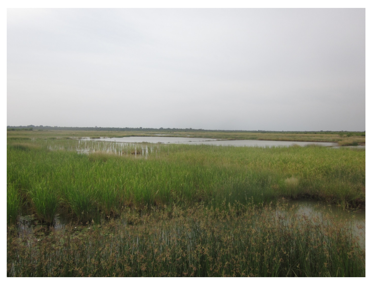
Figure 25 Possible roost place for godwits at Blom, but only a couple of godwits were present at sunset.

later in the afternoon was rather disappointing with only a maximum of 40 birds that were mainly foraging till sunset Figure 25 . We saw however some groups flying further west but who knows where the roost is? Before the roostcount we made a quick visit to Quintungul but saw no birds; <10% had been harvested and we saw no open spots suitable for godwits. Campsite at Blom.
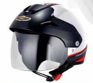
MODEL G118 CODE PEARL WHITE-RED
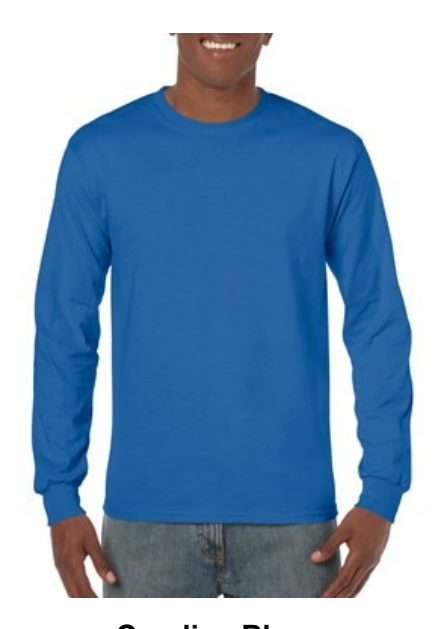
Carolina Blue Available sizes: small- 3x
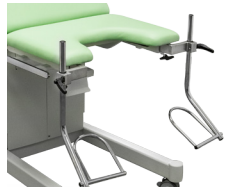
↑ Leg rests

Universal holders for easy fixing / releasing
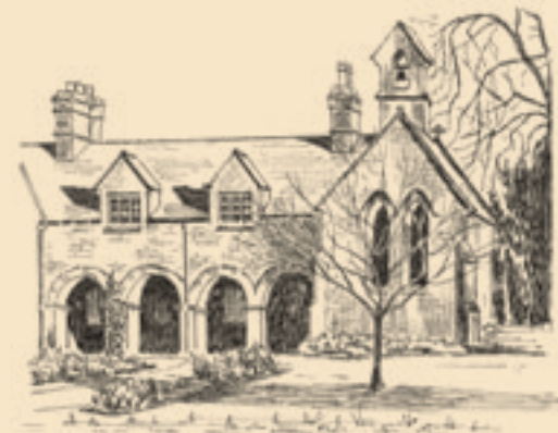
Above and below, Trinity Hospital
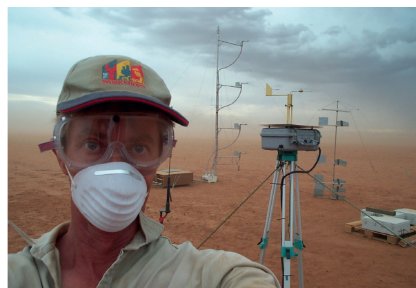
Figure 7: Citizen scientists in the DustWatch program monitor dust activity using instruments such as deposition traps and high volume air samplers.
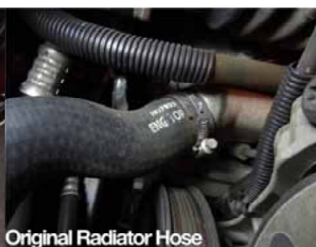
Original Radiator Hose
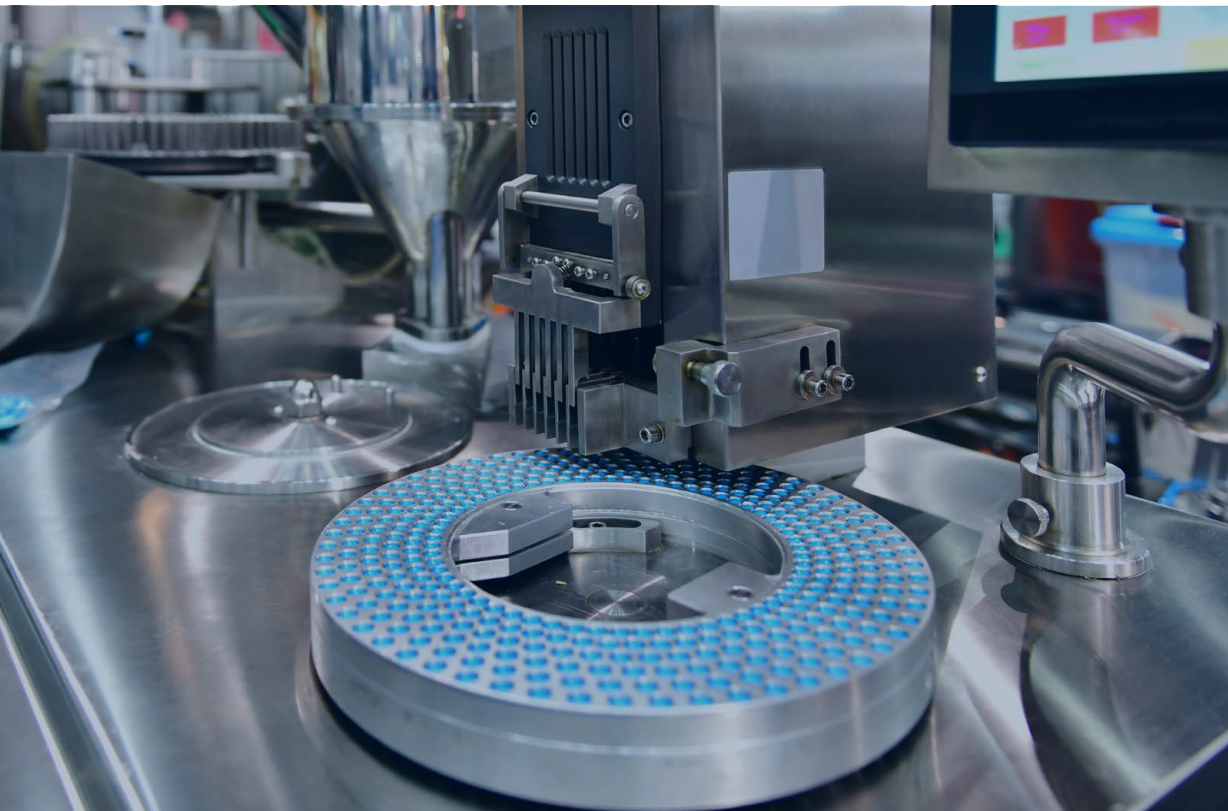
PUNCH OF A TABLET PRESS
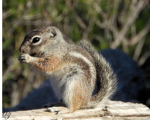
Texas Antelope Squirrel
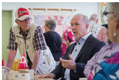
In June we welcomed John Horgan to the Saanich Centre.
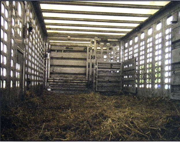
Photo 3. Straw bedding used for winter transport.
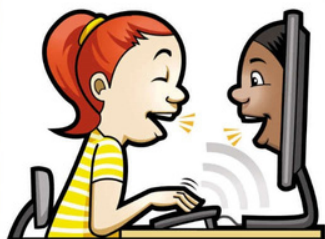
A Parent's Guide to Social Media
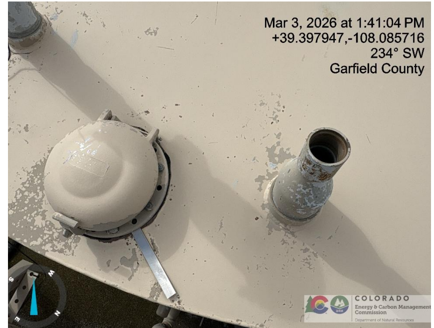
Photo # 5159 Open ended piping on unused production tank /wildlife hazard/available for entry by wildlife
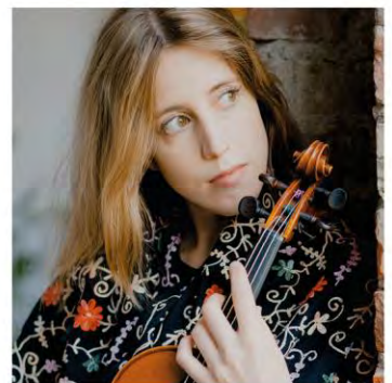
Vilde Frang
━━━━━━━━━━
• **What you are asked to do**
Pictures are not part of the answer, which must be the exact lines from the one holding "In June we welcomed" through the end of the material, both ends included.

• **Response to the task**
In June we welcomed John Horgan to the Saanich Centre.
Photo 3. Straw bedding used for winter transport.
A Parent's Guide to Social Media
Photo # 5159 Open ended piping on unused production tank /wildlife hazard/available for entry by wildlife
Vilde Frang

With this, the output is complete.